Comment 12 Peter Robinson 2016-01-13 14:48:36 UTC
Hi Nick, any chance you could take a look at this for us?

Comment 13 Nick Clifton 2016-01-13 16:52:05 UTC
Hi Marcin,

> Are there chances for binutils 2.26.snapshot before mass rebuilt will take
> place?

2.26 should be coming out next week.  Will that be OK, or would you prefer me to create a tarball from today's current sources and upload that ?

Cheers
  Nick

Comment 14 Marcin Juszkiewicz 2016-01-13 17:21:43 UTC
Yes, we can wait. Need to have it before any mass rebuilds take place.

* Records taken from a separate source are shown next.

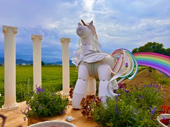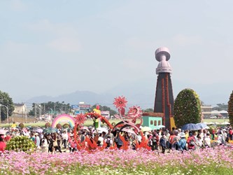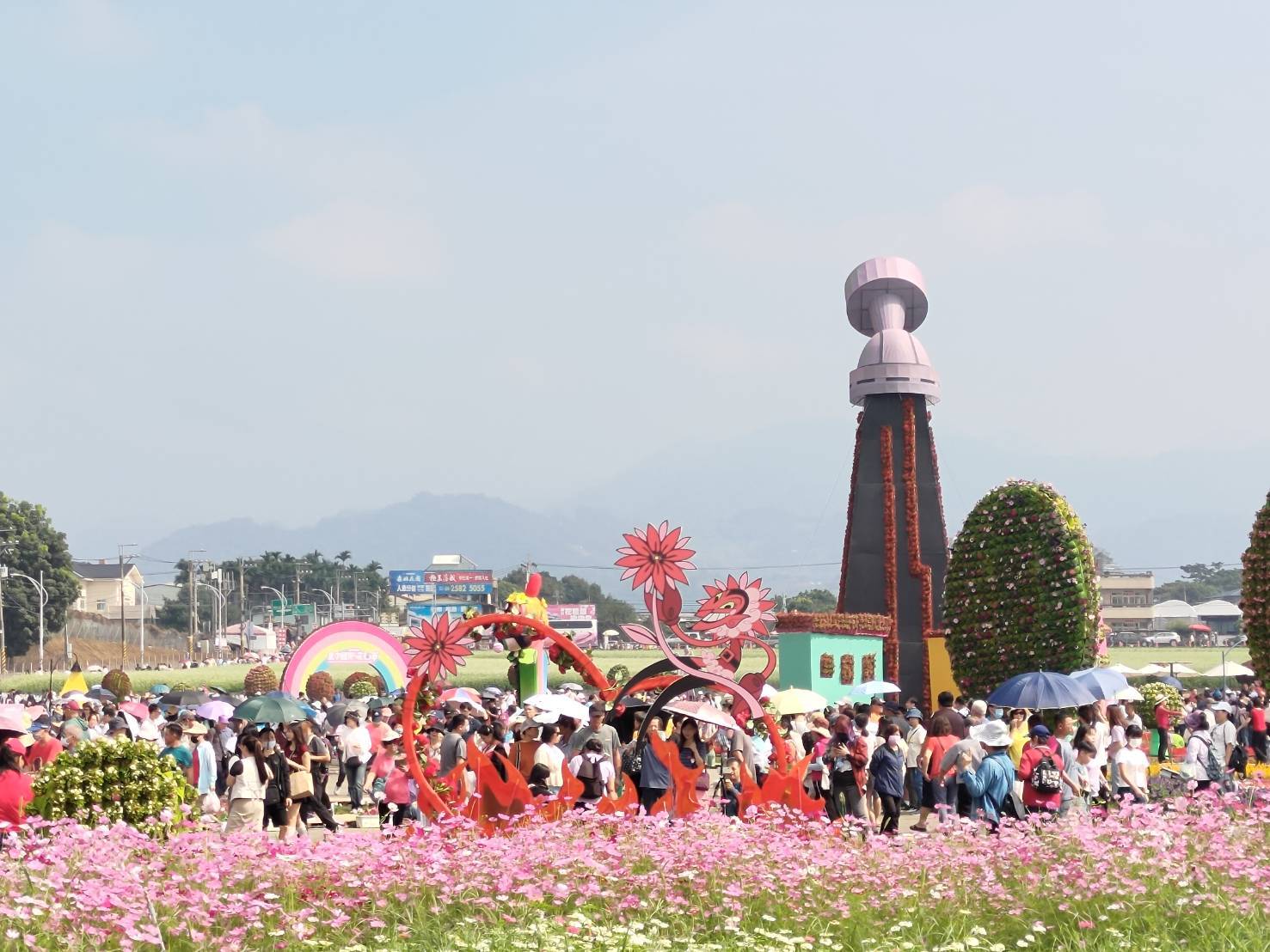 因應颱風鳳凰氣象署發布陸上警報及台中市府公布停班停課,台中國際花毯節為維護遊客及展區裝置安全,於11、12日預警性閉園,今日宣布明(13)日重新開園!園區經市府團隊及工作人員將裝置重新歸位,已全面恢復繽紛樣貌。今年以經典卡通頻道《飛天小女警》為靈感,將備受喜愛的動畫元素與花卉藝術結合,吸引大批遊客搶先入園拍照打卡。
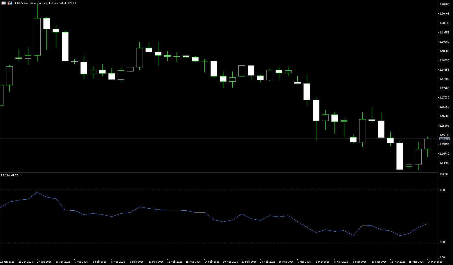 The short-term bias is slightly bearish, as EUR/USD is holding below the 10-day (1.1560) and 20-day (1.1662) simple moving averages on the daily chart, both of which slope downwards, reinforcing the downtrend. The Relative Strength Index (RSI) hovers around 36.20, indicating weak momentum, consistent with a corrective downtrend rather than an oversold sell-off. Immediate resistance is at 1.1560, within the 1.1550-1.1565 area, which coincides with the 50-period simple moving average and the lower Bollinger Band. Next is the 20-day simple moving average at 1.1662. On the downside, initial support is at 1.1450, protecting the recent lows; a significant break below this level would expose the area below 1.1414 (the March 16 low), consistent with the bearish bias suggested by the broader moving average configuration.
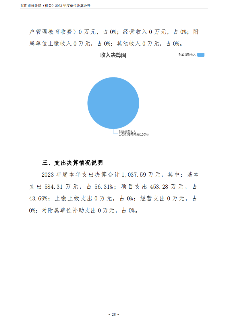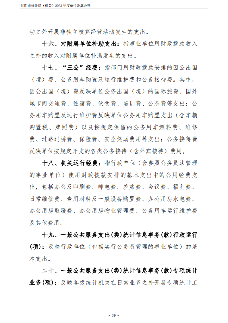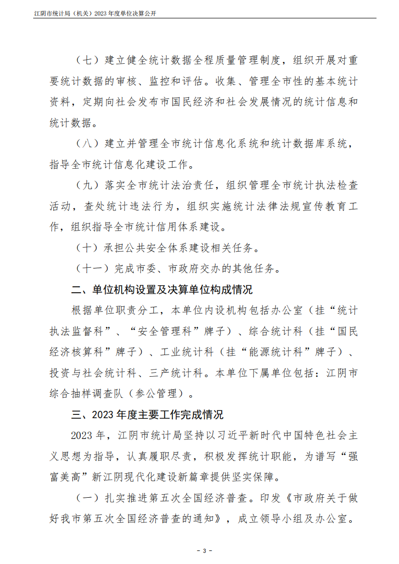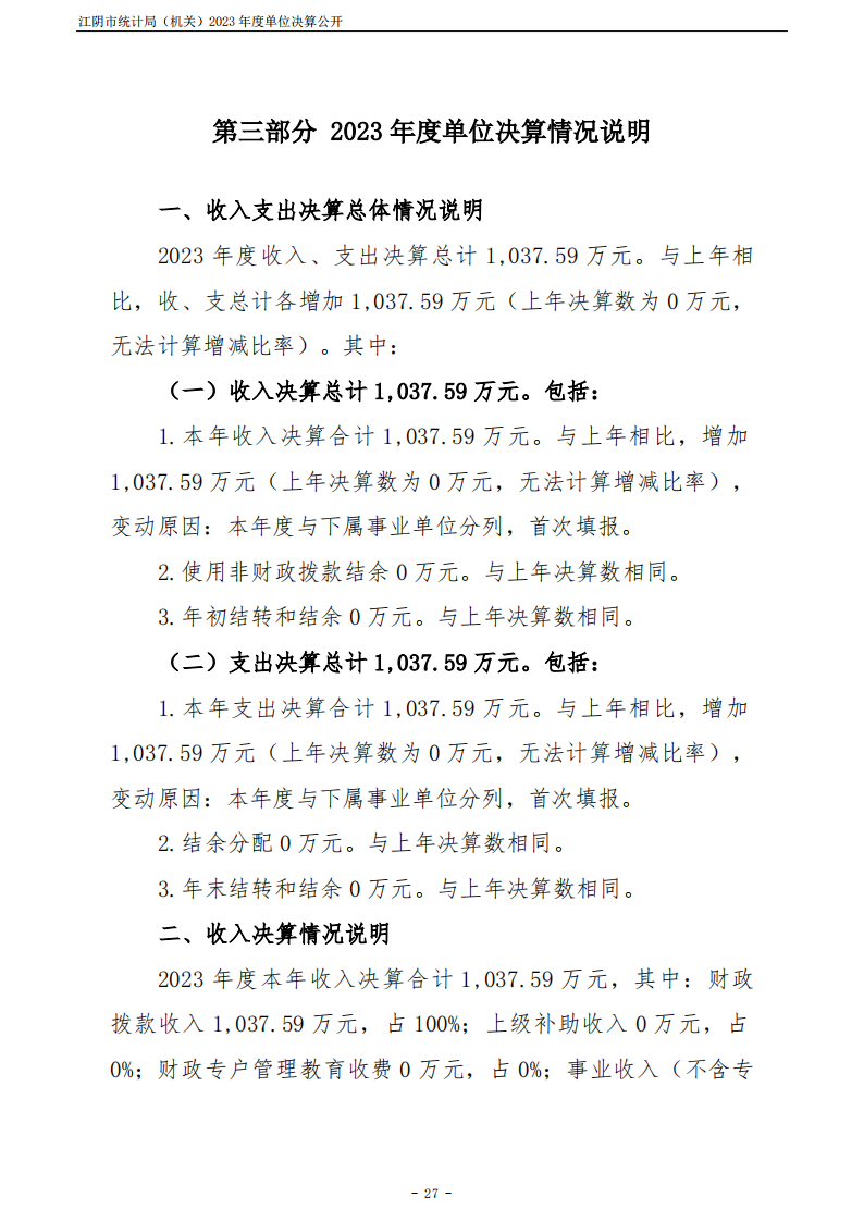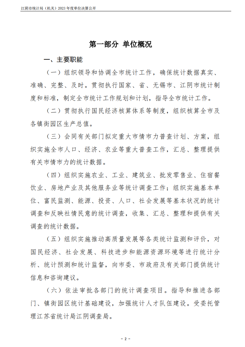 內容概述 江陰市統計局(機關)2023年度單位決算公開
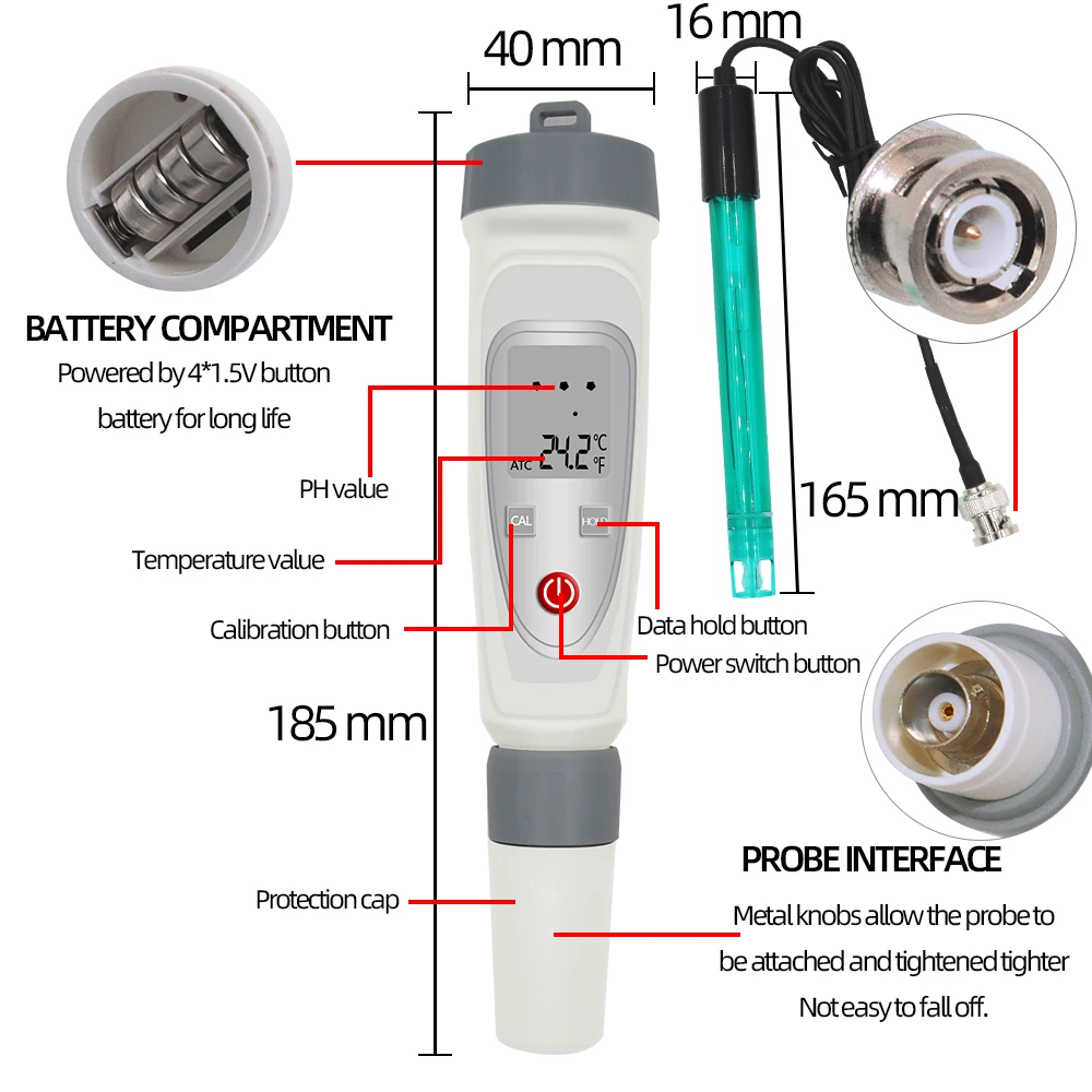 Диапазон измерений | PH: 0,1-14.0PH; Температура: 0-50°C 32-122F | PH: 0,01-14.00PH Температура: 0-50°C 32-122F | PH: 0,1-14.0PH; Температура: 0-50°C 32-122F | PH: 0,01-14.00PH Температура: 0-50°C 32-122F |
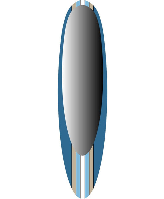 Full Body Oval Mirror in Blue Frame with White-Brown Stripes as Surfing Inspired Decor

Comment 15 Richard W.M. Jones 2016-01-26 10:21:24 UTC
FWIW binutils 2.26 has been released:

https://release-monitoring.org/project/7981/

Comment 16 Marcin Juszkiewicz 2016-01-26 10:35:47 UTC
APM Mustang boots fine with systemd 228-7 built using binutils 2.26-2 (both built locally).

Comment 17 Marcin Juszkiewicz 2016-01-26 10:55:08 UTC
https://fedora.juszkiewicz.com.pl/20160105-systemd-binutils/ has both binutils 2.26-2 packages and systemd 228-7 built with them.

Comment 18 Nick Clifton 2016-01-29 12:48:34 UTC
Rawhide binutils appears to fix the problem.

Comment 19 Richard W.M. Jones 2016-02-03 13:52:20 UTC
(In reply to Marcin Juszkiewicz from comment #17)
> https://fedora.juszkiewicz.com.pl/20160105-systemd-binutils/ has both
> binutils 2.26-2 packages and systemd 228-7 built with them.

Can confirm that this systemd package works.

The binutils package is no longer needed since arm.koji providers
a newer version.

Comment 20 Jan Kurik 2016-02-24 13:50:19 UTC
This bug appears to have been reported against 'rawhide' during the Fedora 24 development cycle.
Changing version to '24'.

More information and reason for this action is here:
https://fedoraproject.org/wiki/Fedora_Program_Management/HouseKeeping/Fedora24#Rawhide_Rebase

Comment 21 Peter Robinson 2016-03-08 11:44:20 UTC
new binutils done, new systemd now built.